A new atypical splice mutation in PKD2 leading to autosomal dominant polycystic kidney disease in a Chinese family.

Introduction: Autosomal dominant polycystic kidney disease (ADPKD) is a very common hereditary renal disorder. Mutations in PKD1 and PKD2 , identified as disease-causing genes, account for 85% and 15% of the ADPKD cases, respectively.

Methods: In this study, the mutation analysis of polycystic kidney disease (PKD) genes was performed in a Chinese family with suspected ADPKD using targeted clinical exome sequencing (CES). The candidate pathogenic variants were further tested by using Sanger sequencing and validated for co-segregation. In addition, reverse transcription-polymerase chain reaction (RT-PCR) was performed to test for abnormal splicing and assess its potential pathogenicity.

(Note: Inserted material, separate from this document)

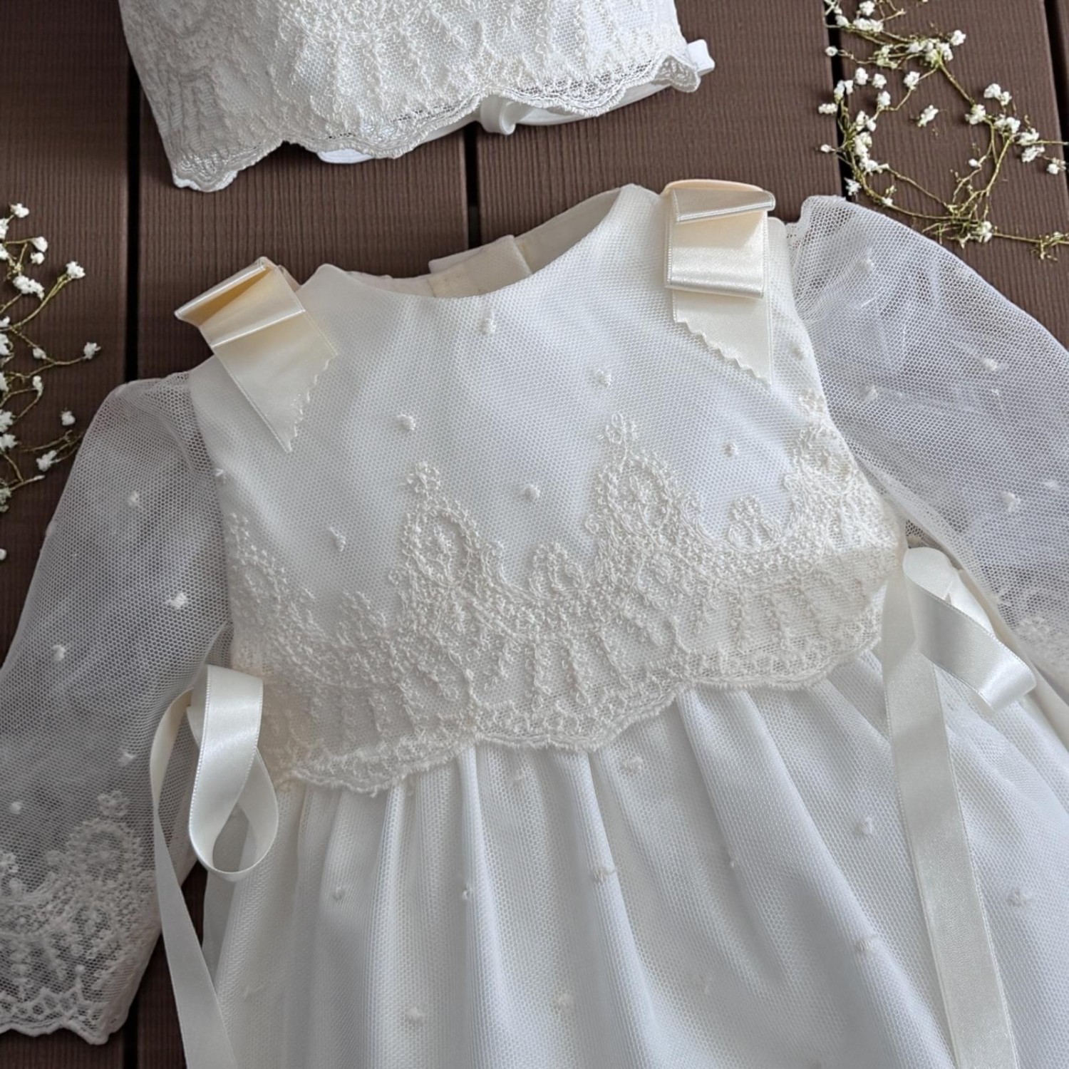 Conjunto Vestido con capota y braga para Bautizo. Colección Fantasía

Results: A novel atypical splicing mutation that belongs to unclassified variants (UCVs), IVS6+5G>C, was identified in three family members by CES and was shown to co-segregate only with the affected individuals. The RT-PCR revealed the abnormal splicing of exon 6, which thus caused truncating mutation. These findings suggested that the atypical splice site alteration, IVS6+5G>C, in the PKD2 gene was the potential pathogenic mutation leading to ADPKD in this Chinese family.

Conclusion: The data available in this study provided strong evidence that IVS6+5G>C is the potential pathogenic mutation for ADPKD. In addition, our findings emphasised the significance of functional analysis of UCVs and genotype-phenotype correlation in ADPKD.